05) The girl from Grumpier Old Men – When I was twelve I went to see that movie with my friends Dan, Dan, and Aaron. We sat up front and made stupid jokes throughout the film. At one point, we noticed that a girl sitting five or six rows behind us was throwing pretzel knots at our heads. Dan went and spoke to her, and returning saying she was “weird.” So then I went back to talk to her. I was much more sociable then. I had no inhibitions, and the sex-drive of a boy twice my age. I don’t remember how the conversation shifted, but before I knew it, I was feeling up her breasts. Grumpier Old Men had a gag reel that played during the credits, during which I fondled her and touched her vagina. I never got her name. I think it started with a V. I wonder if she’s since contracted AIDS…

04) Anna Chlumsky – You know, from the My Girl movies? She was the cute girl-next-door with the golden smile. Then she made an awful sequel. Then puberty hit her like an all-you-can-eat buffet at Red Lobster. She got really fat and dropped off the face of the earth, much like the girl who played the role of Kelly Roark in Volcano.

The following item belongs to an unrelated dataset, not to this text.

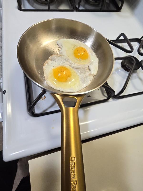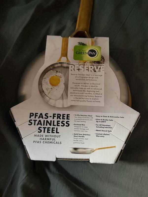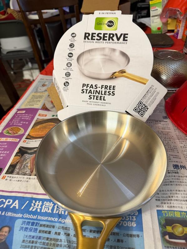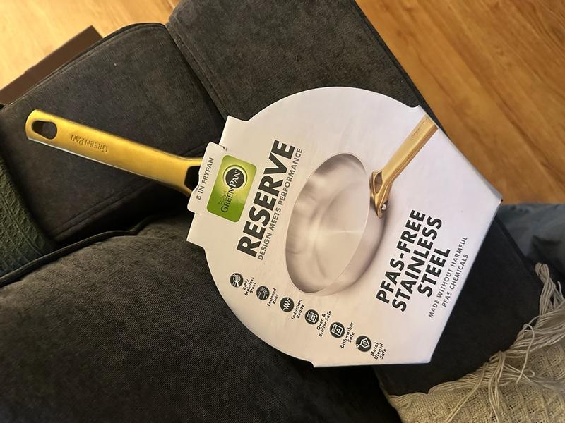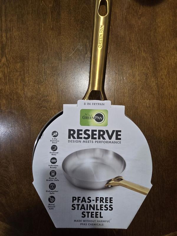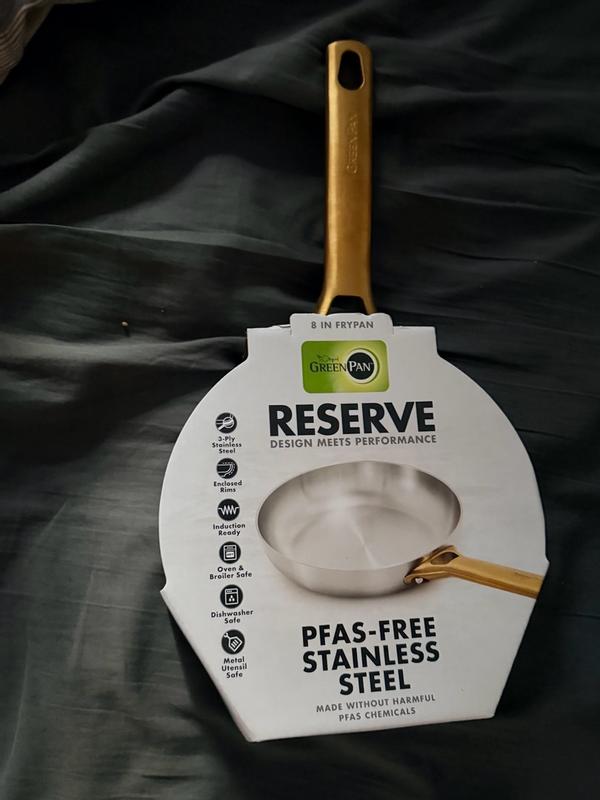 I absolutely love the GreenPan Reserve Stainless Steel 8” Frypan. The design is sleek and high-end, and it feels very sturdy in hand. Heat distribution is excellent, allowing food to cook evenly without hot spots. When preheated properly, food releases easily with minimal sticking, making it great for eggs, fish, and sautéed vegetables. The handle is comfortable and stays cool while cooking, which adds to the overall ease of use. Cleaning is quick and simple, and the stainless steel surface still looks brand new after multiple uses. This pan delivers professional-level performance and quality.

A quick IMDB search shows Anna Chlumsky was in a bunch of made for TV movies, a couple TV shows (including “Law & Order”), and has a new movie in post-production. I wonder if she’s slimmed down…

03) Post-Modernism – Is the art and literature world into Neo-modernism now? It’s so hard keeping track of these trends. It seems like the notion of post-modernism has gotten tied in with irony and sarcasm in the past few years to the point where nothing is taken seriously anymore. Everything is a big joke parading as truth and earnestness. It’s like Moe says on the Simpsons, things are “weird for the sake of weird.” And it’s even more annoying now than it was when people were kicking around PoMo to describe Don DeLillo or Godspeed You! Black Emperor. I wonder what they’ll call the next big undefinable social trend…

02) Hi-C Ecto Cooler – I took it for lunch almost every day during elementary school. It was absolutely gross, but it had a picture of Slimer from the Ghostbusters cartoon on the box, so I had to drink it. According to Wikipedia, it was renamed “Shoutin’ Orange Tangergreen” in 1997, which might be the dumbest name for a beverage ever. In a shocking turn of events, 2005 saw the end of the “Shoutin’ Orange Tangergreen,” craze, as the product was renamed “Crazy Citrus Cooler.” What the hell is wrong with the world?

01) Integrity – You knew it was coming to this. Seriously though, do you remember when entertainment didn’t totally suck? Now you have assholes like Will Ferrell turning down twenty-million dollars to star in Elf 2, because that would be selling out. Meanwhile, making the same exact movie for the Nth time (dumb idiot guy with an obvious, stupid profession) is somehow upholding his artistic integrity? I could pitch you five future Will Ferrell movies right now (Will Ferrell as a cattle herder, Will Ferrell as a parapsychologist, Will Ferrell as a fast-food worker, Will Ferrell as shark hunter, Will Ferrell as a kick ball player), and two of those will probably be green-lighted in the next year. It’s not just in movies, it’s a purveying theme in the arts. Instead of bands creating challenging albums, or making “departures” from their sound, they make homogeneous, safe crap with little variation, or they write the same shitty songs they’ve always written, but drown-out everything with a church organ. Instead of actors taking challenging roles and trying to expand their repertoires, you get seven movies a year starring Ben Stiller and Owen “crookt face” Wilson. INTEGRITY, PEOPLE!